---------- EXTRACTED DATA ----------

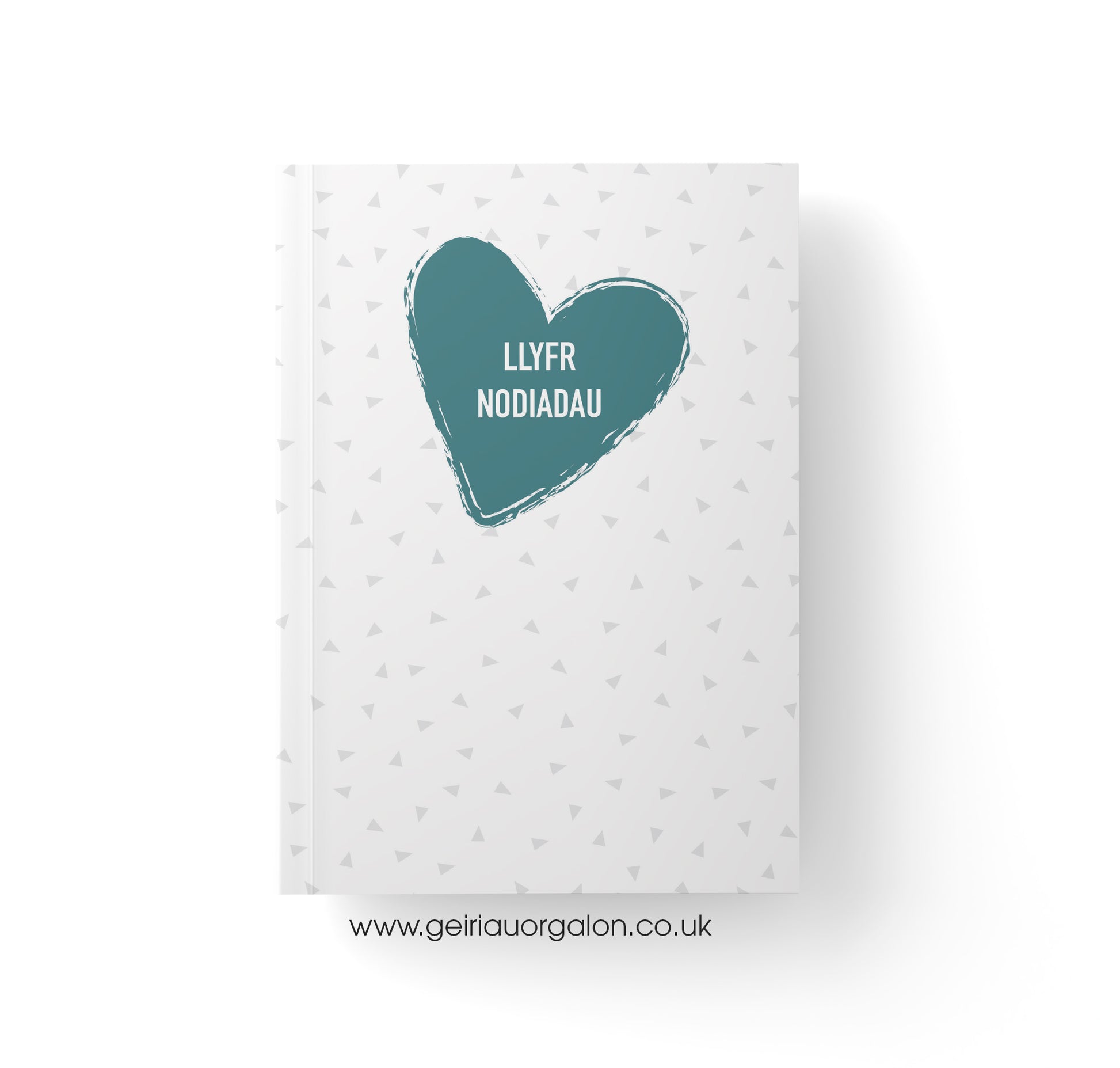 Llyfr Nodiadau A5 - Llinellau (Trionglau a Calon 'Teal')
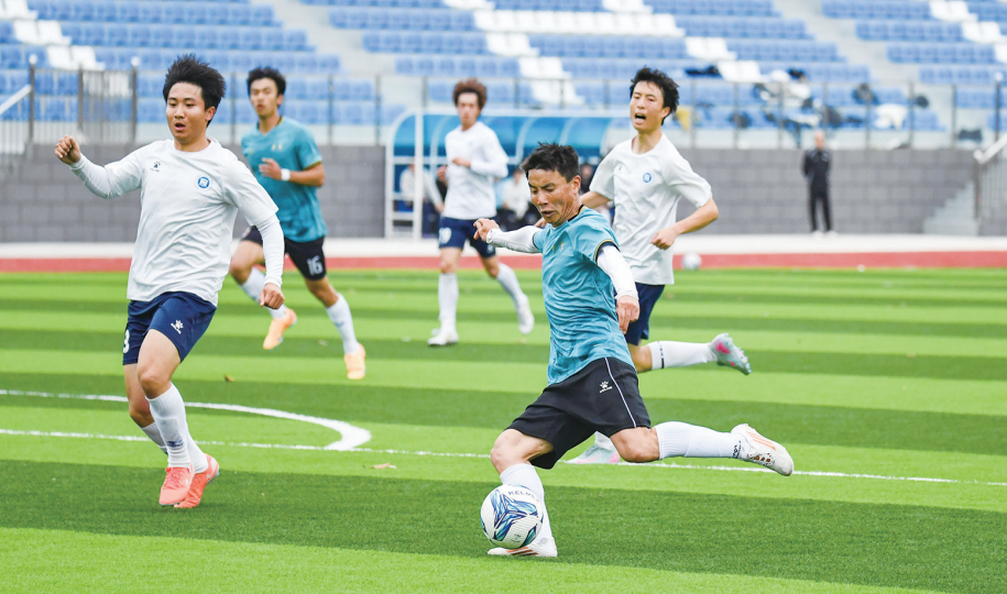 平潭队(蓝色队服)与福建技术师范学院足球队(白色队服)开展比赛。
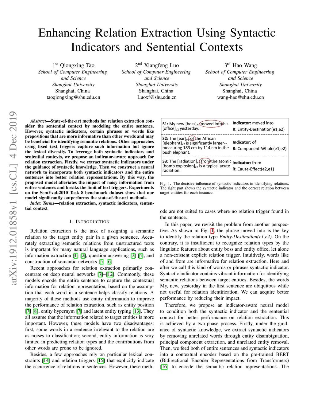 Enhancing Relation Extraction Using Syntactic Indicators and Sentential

----------
---------- EXTRACTED DATA ----------

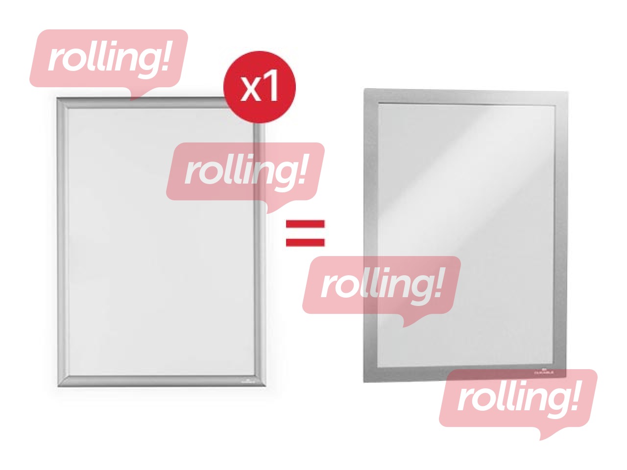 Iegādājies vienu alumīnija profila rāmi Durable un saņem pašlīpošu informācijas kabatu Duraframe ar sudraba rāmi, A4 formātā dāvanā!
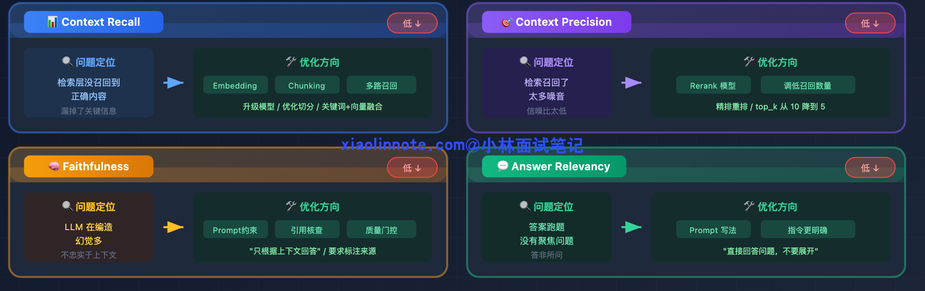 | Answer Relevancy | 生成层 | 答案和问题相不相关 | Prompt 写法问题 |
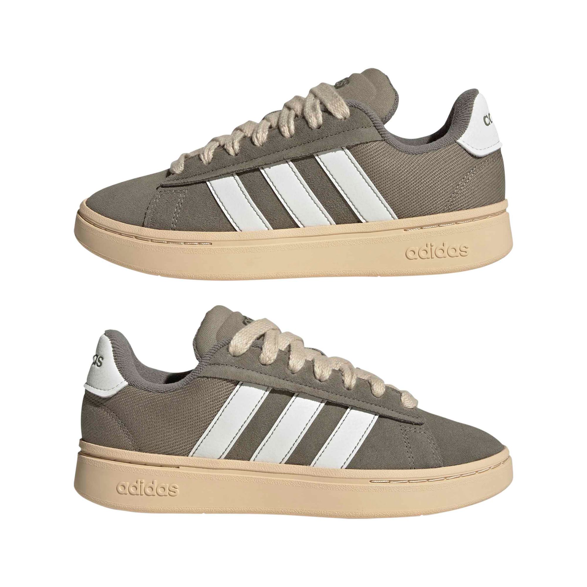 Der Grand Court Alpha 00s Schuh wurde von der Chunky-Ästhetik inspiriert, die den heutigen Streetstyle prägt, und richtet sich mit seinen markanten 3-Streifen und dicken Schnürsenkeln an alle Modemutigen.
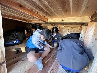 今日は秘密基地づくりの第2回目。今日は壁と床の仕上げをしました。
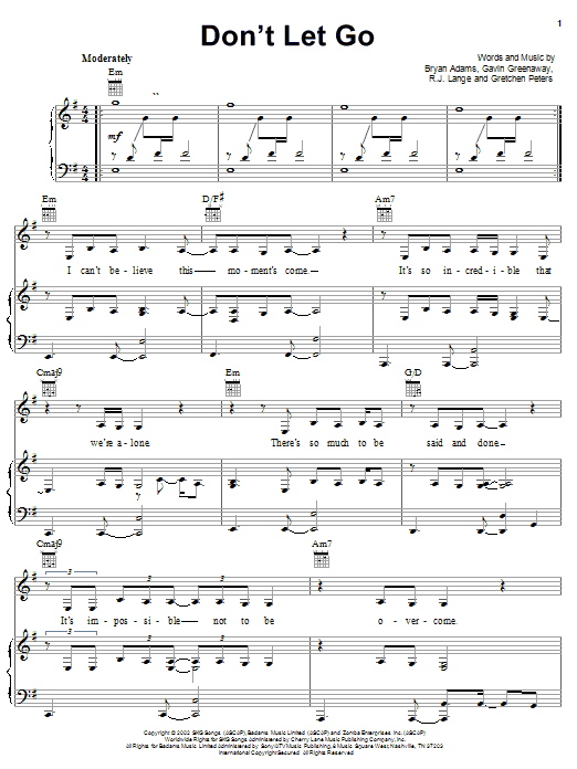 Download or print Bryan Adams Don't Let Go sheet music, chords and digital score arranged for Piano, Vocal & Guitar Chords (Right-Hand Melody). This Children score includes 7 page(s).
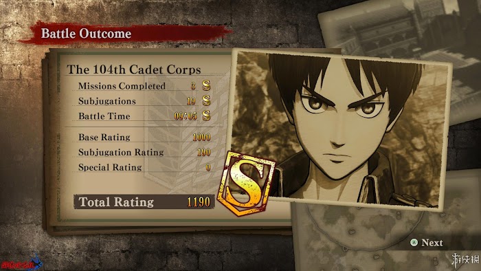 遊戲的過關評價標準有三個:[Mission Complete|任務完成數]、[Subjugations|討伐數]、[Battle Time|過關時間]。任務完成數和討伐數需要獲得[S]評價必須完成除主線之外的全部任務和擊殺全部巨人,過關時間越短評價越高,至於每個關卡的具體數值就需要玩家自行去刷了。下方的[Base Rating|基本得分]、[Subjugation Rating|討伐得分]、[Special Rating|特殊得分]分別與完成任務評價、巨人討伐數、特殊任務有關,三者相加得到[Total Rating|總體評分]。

----------
---------- EXTRACTED DATA ----------

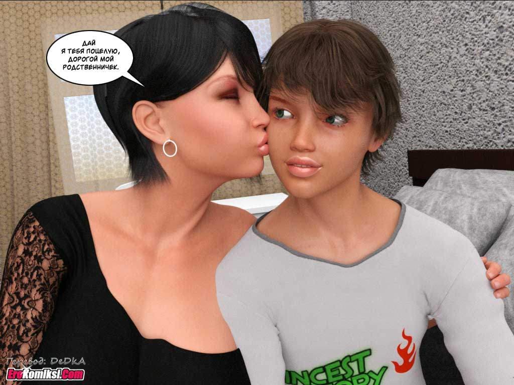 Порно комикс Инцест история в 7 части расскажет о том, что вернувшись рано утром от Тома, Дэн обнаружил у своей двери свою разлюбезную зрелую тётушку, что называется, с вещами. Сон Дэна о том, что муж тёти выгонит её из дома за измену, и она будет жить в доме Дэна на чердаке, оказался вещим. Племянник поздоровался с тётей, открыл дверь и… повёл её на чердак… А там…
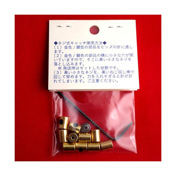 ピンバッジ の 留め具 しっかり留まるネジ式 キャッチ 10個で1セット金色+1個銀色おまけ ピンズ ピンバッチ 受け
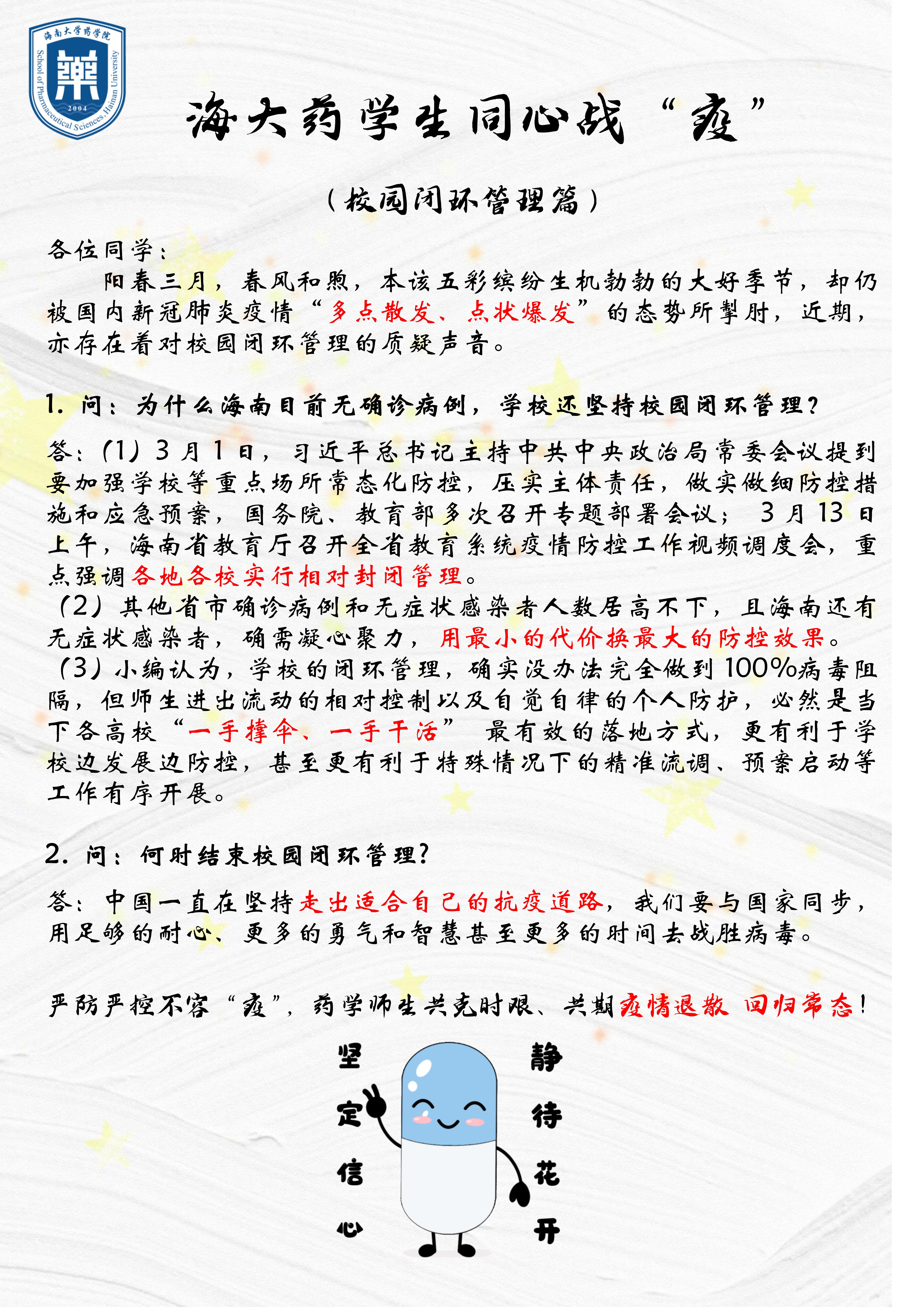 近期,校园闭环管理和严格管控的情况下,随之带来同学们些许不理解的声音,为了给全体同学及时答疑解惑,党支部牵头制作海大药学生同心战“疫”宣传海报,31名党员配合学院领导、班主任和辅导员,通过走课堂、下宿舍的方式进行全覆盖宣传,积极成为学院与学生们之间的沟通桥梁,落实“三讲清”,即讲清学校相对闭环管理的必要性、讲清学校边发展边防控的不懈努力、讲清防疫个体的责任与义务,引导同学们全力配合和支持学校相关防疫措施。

----------

* **EXERCISE**: Once the line with "Llyfr Nodiadau A5" is found above, transcribe each line from it through the line with "Enhancing Relation Extraction", exactly, and omit the pictures.

* **SOLVED EXERCISE**:
 Llyfr Nodiadau A5 - Llinellau (Trionglau a Calon 'Teal')
 平潭队(蓝色队服)与福建技术师范学院足球队(白色队服)开展比赛。
 Enhancing Relation Extraction Using Syntactic Indicators and Sentential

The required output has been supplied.